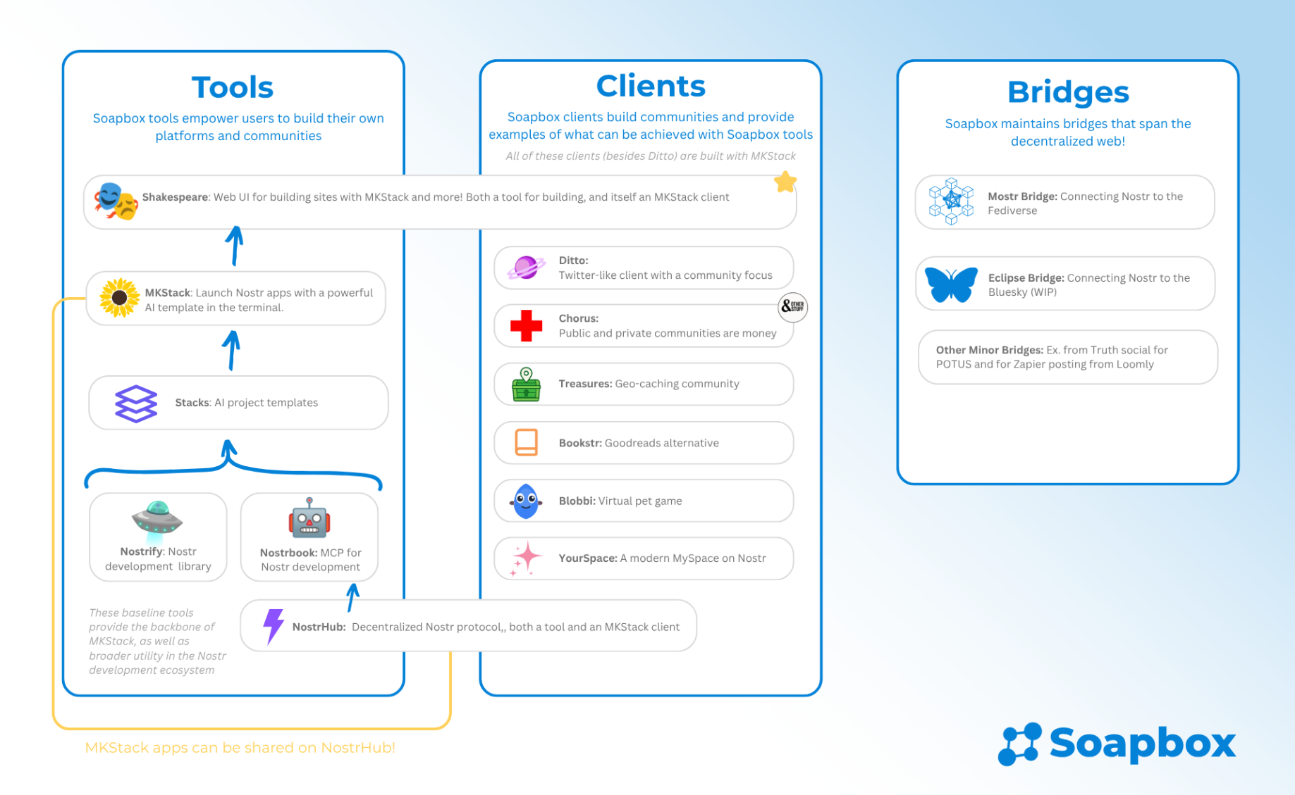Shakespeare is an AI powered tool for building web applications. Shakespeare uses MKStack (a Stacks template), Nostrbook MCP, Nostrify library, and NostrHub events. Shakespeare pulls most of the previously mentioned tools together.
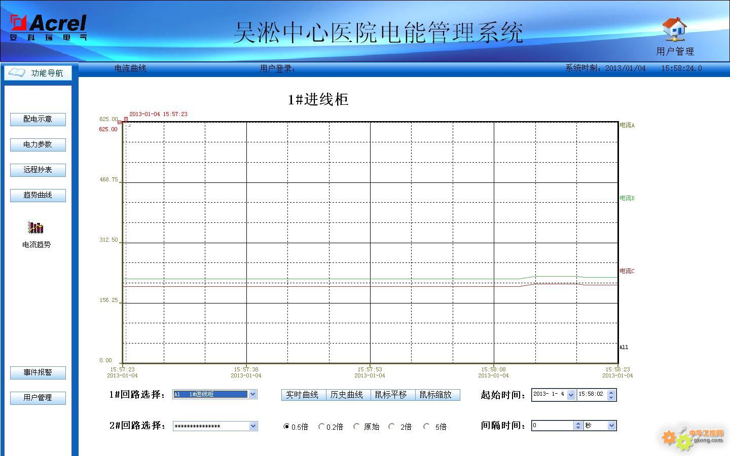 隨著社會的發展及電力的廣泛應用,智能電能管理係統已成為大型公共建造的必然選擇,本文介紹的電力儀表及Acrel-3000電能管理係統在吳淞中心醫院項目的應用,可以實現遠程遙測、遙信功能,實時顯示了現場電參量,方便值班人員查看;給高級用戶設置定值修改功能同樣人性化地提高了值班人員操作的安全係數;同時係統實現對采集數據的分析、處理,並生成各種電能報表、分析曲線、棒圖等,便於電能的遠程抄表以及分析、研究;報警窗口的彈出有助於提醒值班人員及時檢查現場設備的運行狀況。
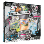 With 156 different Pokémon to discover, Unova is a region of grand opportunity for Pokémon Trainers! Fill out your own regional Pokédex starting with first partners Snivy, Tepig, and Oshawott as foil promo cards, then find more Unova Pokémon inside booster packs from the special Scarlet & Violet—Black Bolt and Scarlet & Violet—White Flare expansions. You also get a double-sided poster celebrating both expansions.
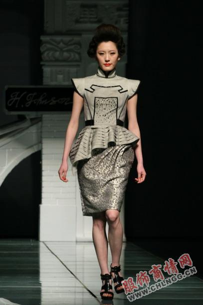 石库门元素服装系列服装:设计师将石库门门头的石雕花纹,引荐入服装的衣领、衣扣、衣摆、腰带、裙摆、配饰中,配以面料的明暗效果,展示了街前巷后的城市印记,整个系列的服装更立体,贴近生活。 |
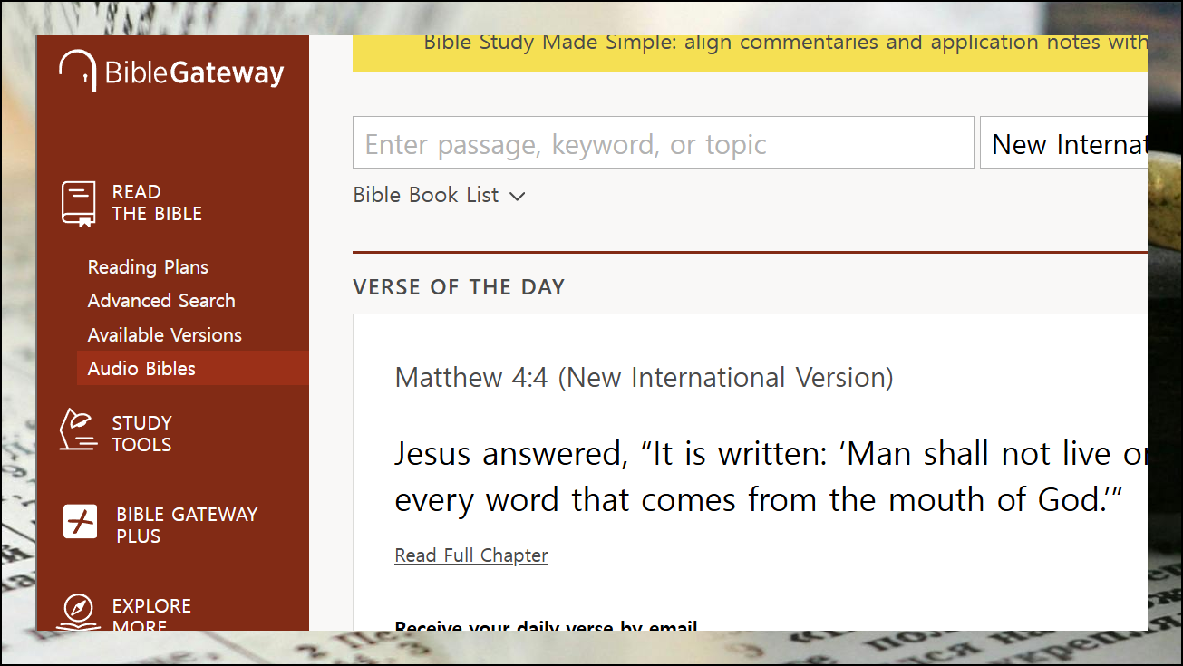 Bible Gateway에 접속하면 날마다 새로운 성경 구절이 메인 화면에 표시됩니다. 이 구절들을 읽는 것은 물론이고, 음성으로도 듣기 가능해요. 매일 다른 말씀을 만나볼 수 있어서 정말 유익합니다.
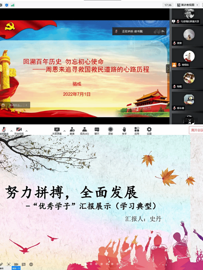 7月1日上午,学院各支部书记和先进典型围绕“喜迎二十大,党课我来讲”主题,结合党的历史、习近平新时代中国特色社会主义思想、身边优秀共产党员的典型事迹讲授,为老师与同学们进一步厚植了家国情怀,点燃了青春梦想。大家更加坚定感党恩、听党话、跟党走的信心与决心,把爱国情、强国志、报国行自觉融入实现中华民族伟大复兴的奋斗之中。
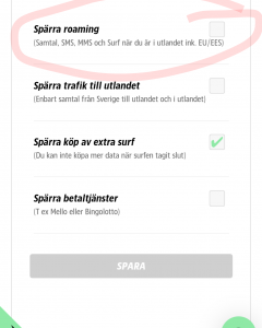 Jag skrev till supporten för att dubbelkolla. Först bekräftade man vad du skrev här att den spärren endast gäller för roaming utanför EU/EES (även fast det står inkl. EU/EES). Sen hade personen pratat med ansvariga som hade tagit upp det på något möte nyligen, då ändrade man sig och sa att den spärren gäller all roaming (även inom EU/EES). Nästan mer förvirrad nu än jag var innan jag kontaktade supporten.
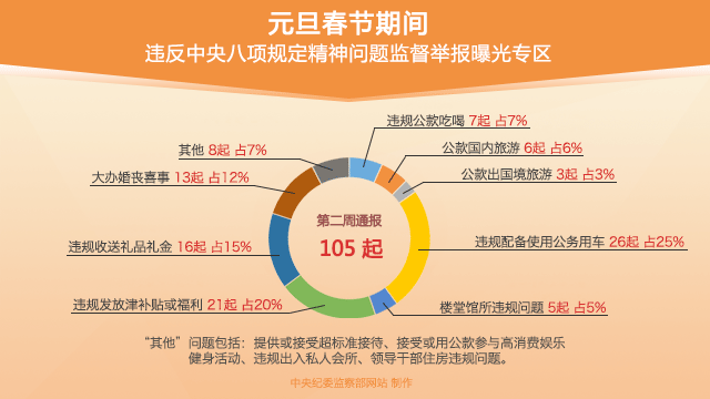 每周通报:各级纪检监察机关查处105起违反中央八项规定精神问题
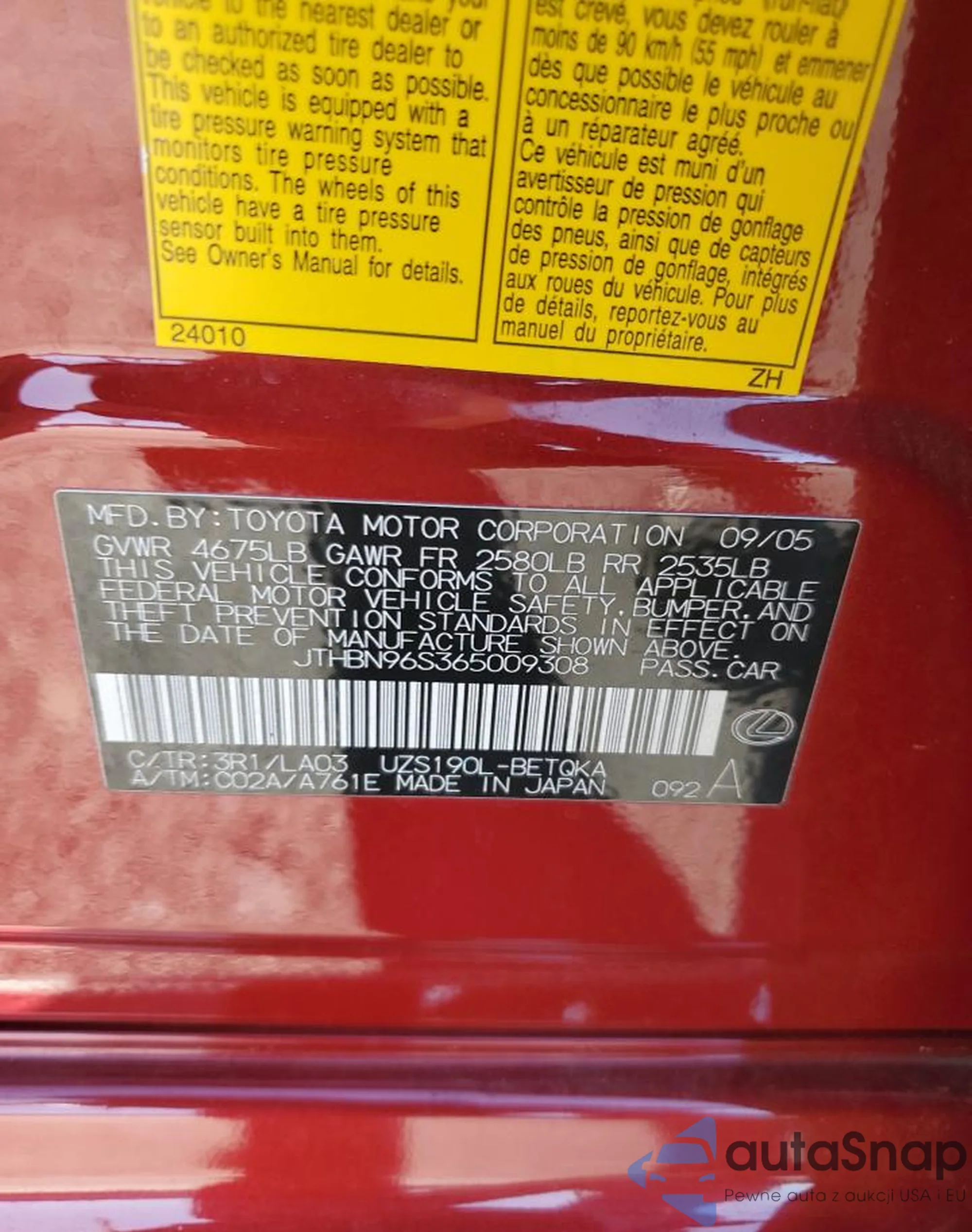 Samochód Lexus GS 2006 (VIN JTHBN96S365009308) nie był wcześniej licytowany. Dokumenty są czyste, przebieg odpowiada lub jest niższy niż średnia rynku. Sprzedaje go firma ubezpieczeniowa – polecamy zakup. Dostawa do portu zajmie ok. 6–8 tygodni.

→ EXERCISE REQUIREMENTS
Make an exact copy of the records, pictures excluded.

→ TASK RESPONSE
Shakespeare is an AI powered tool for building web applications. Shakespeare uses MKStack (a Stacks template), Nostrbook MCP, Nostrify library, and NostrHub events. Shakespeare pulls most of the previously mentioned tools together.
 隨著社會的發展及電力的廣泛應用,智能電能管理係統已成為大型公共建造的必然選擇,本文介紹的電力儀表及Acrel-3000電能管理係統在吳淞中心醫院項目的應用,可以實現遠程遙測、遙信功能,實時顯示了現場電參量,方便值班人員查看;給高級用戶設置定值修改功能同樣人性化地提高了值班人員操作的安全係數;同時係統實現對采集數據的分析、處理,並生成各種電能報表、分析曲線、棒圖等,便於電能的遠程抄表以及分析、研究;報警窗口的彈出有助於提醒值班人員及時檢查現場設備的運行狀況。
 With 156 different Pokémon to discover, Unova is a region of grand opportunity for Pokémon Trainers! Fill out your own regional Pokédex starting with first partners Snivy, Tepig, and Oshawott as foil promo cards, then find more Unova Pokémon inside booster packs from the special Scarlet & Violet—Black Bolt and Scarlet & Violet—White Flare expansions. You also get a double-sided poster celebrating both expansions.
 石库门元素服装系列服装:设计师将石库门门头的石雕花纹,引荐入服装的衣领、衣扣、衣摆、腰带、裙摆、配饰中,配以面料的明暗效果,展示了街前巷后的城市印记,整个系列的服装更立体,贴近生活。 |
 Bible Gateway에 접속하면 날마다 새로운 성경 구절이 메인 화면에 표시됩니다. 이 구절들을 읽는 것은 물론이고, 음성으로도 듣기 가능해요. 매일 다른 말씀을 만나볼 수 있어서 정말 유익합니다.
 7月1日上午,学院各支部书记和先进典型围绕“喜迎二十大,党课我来讲”主题,结合党的历史、习近平新时代中国特色社会主义思想、身边优秀共产党员的典型事迹讲授,为老师与同学们进一步厚植了家国情怀,点燃了青春梦想。大家更加坚定感党恩、听党话、跟党走的信心与决心,把爱国情、强国志、报国行自觉融入实现中华民族伟大复兴的奋斗之中。
 Jag skrev till supporten för att dubbelkolla. Först bekräftade man vad du skrev här att den spärren endast gäller för roaming utanför EU/EES (även fast det står inkl. EU/EES). Sen hade personen pratat med ansvariga som hade tagit upp det på något möte nyligen, då ändrade man sig och sa att den spärren gäller all roaming (även inom EU/EES). Nästan mer förvirrad nu än jag var innan jag kontaktade supporten.
 每周通报:各级纪检监察机关查处105起违反中央八项规定精神问题
 Samochód Lexus GS 2006 (VIN JTHBN96S365009308) nie był wcześniej licytowany. Dokumenty są czyste, przebieg odpowiada lub jest niższy niż średnia rynku. Sprzedaje go firma ubezpieczeniowa – polecamy zakup. Dostawa do portu zajmie ok. 6–8 tygodni.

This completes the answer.